**Work instruction:** Copy verbatim the block of lines in the entries below whose first line contains "学生・生徒パワーが各所に大結集 The projects" and whose last line contains "The existing facultative". Leave out all other lines.

Records shown below:

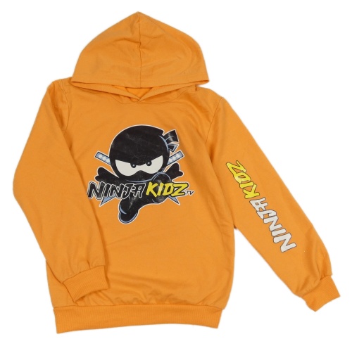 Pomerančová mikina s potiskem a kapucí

End of Records shown.
Records shown below:

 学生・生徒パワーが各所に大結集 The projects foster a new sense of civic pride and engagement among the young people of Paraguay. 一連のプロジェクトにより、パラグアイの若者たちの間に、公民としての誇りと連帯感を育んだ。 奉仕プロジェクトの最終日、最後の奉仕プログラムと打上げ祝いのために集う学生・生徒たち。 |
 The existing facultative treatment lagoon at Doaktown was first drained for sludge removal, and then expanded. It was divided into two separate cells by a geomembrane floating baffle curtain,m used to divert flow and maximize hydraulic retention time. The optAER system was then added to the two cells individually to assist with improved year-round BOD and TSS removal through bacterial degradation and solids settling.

End of Records shown.

**Answer below:**
 学生・生徒パワーが各所に大結集 The projects foster a new sense of civic pride and engagement among the young people of Paraguay. 一連のプロジェクトにより、パラグアイの若者たちの間に、公民としての誇りと連帯感を育んだ。 奉仕プロジェクトの最終日、最後の奉仕プログラムと打上げ祝いのために集う学生・生徒たち。 |
 The existing facultative treatment lagoon at Doaktown was first drained for sludge removal, and then expanded. It was divided into two separate cells by a geomembrane floating baffle curtain,m used to divert flow and maximize hydraulic retention time. The optAER system was then added to the two cells individually to assist with improved year-round BOD and TSS removal through bacterial degradation and solids settling.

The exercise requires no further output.